Problem: Nothing but the lines from the one containing "- огорожен забором" through the last line of the data below should be returned, each exactly as it stands, pictures excluded.

Source data:
· · · ·

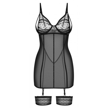A sexy and seductive look! The tight-fitting chemise, Nuites from Obsessive, has suspender straps at..
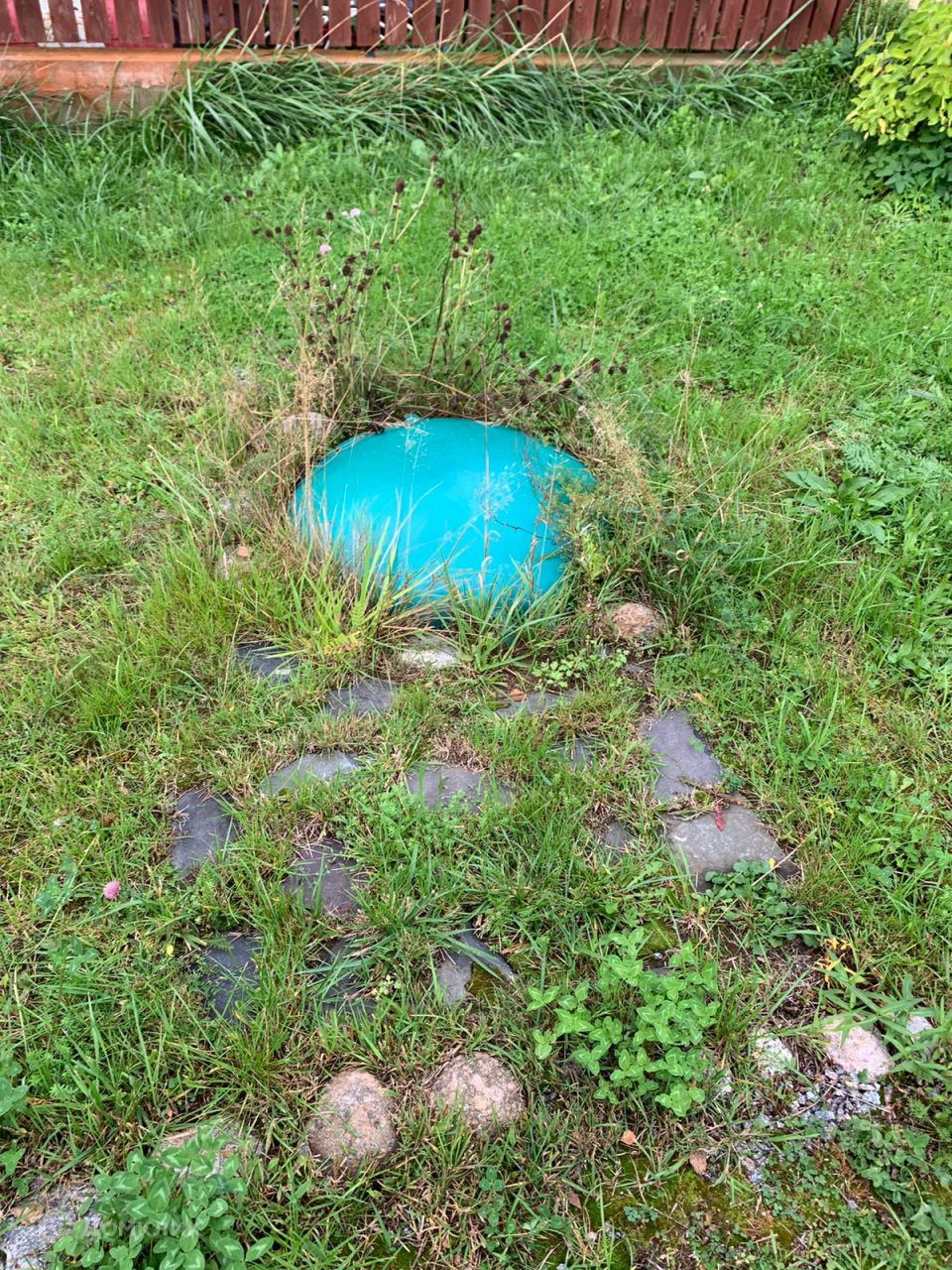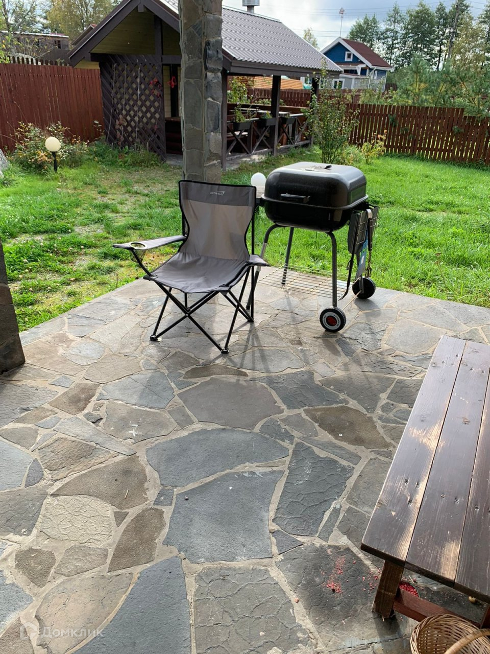 - огорожен забором из дерева, основание зацементировано
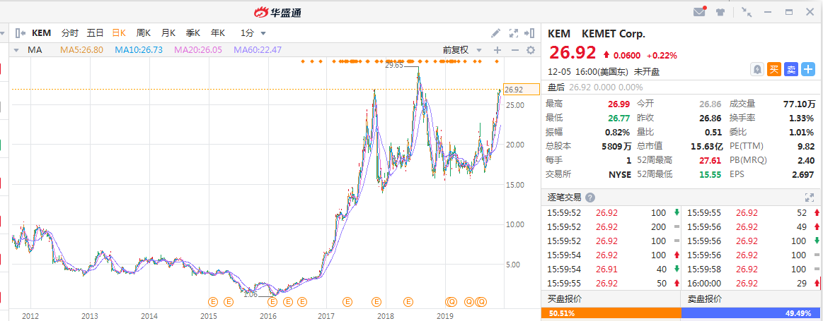 排名第四的Kemet Corp涨幅也高达110倍,是一家美国电容器制造商,例如钽、铝、多层陶瓷、薄膜、纸张、聚合物电解和超级电容器。Kemet还生产其他各种无源电子元件,如交流线路滤波器、EMI磁芯和滤波器、挠性抑制器、机电设备(继电器)、金属复合电感器、铁氧体产品以及变压器/磁性器件。

· · · ·

Answer for this exercise:
 - огорожен забором из дерева, основание зацементировано
 排名第四的Kemet Corp涨幅也高达110倍,是一家美国电容器制造商,例如钽、铝、多层陶瓷、薄膜、纸张、聚合物电解和超级电容器。Kemet还生产其他各种无源电子元件,如交流线路滤波器、EMI磁芯和滤波器、挠性抑制器、机电设备(继电器)、金属复合电感器、铁氧体产品以及变压器/磁性器件。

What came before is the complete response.